Utuado is the principal city of the Utuado micropolitan statistical area and is part of the San Juan-Caguas-Fajardo Combined Statistical Area.
History
Utuado was founded October 12, 1739, by Sebastian de Morfi, on behalf of 60 families from Arecibo. It was the first town established in the interior mountainous region of the island known as La Cordillera Central and the 11th oldest established municipality in Puerto Rico, following San Juan, San Germán, Coamo, Arecibo, Aguada, Loiza, Ponce, Añasco, Guayama and Manatí.
Columbus's arrival
At the time of the discovery of the island on November 19, 1493, by Christopher Columbus, Puerto Rico was inhabited by the Taíno Indians. The Taínos were a culturally developed society with a universal language, a developed agricultural system, and a social organization based on caciques or chieftains. The Utuado area was ruled over by cacique Guarionex. In barrio Caguana, the Taínos built a series of courts or bateyes, Caguana Ceremonial Ball Courts Site, that is considered the best example of Taino engineering in the West Indies.
During the late 18th and early 19th centuries, Utuado's population continued to grow as coffee gained in importance and growers saw the need for high altitudes and mountainous terrain to produce the best coffee beans. People not only migrated from the Puerto Rican coastal towns but also from Ireland (Founder Sebastian de Morfi = Sebastian Murphy), Canary Islands and the Balearic Islands of Majorca and Minorca, all seeking the riches that coffee had to offer.

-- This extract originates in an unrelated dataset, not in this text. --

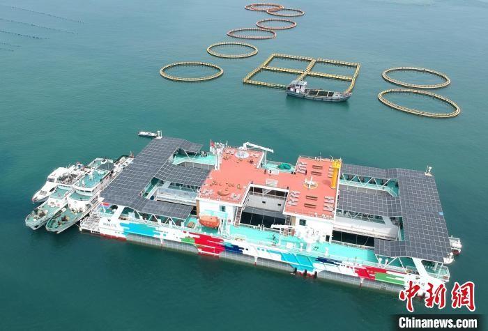 圖為航拍“閩投1號(hào)”深海智慧漁旅平臺(tái)。(無(wú)人機(jī)照片)中新社記者 呂明 攝

Golden era of coffee - "black gold"
During the late 19th century Utuado experienced an explosive economic growth centered around the cultivation of coffee, also known at the time as oro negro or "black gold". By the 1890s Utuado was the largest producer of coffee in Puerto Rico and the second municipality (after Ponce) with the largest population. It produced a rich social life for many of its citizens and a casino and theatre were established in the town. The progress of the town was so evident that the regent Queen of Spain, María Cristina, honored the town with the title of Ciudad (City) on August 20, 1894.[1] In 1896 or 1897 Utuado was the first city in Puerto Rico with a public electric lighting system powered by a hydraulic turbine power plant,[2][3] and in that same year mayor Juan Casellas planned a train system to unite Utuado with Arecibo. By 1899 this golden era ended due to two events: the United States occupation of the island in 1898, which made sugar the new crop of importance instead of coffee (Utuado's mountainous landscape was not ideal for growing sugarcane, making it impossible for it to compete in the sugar industry), and Hurricane San Ciriaco in 1899, which destroyed the coffee haciendas.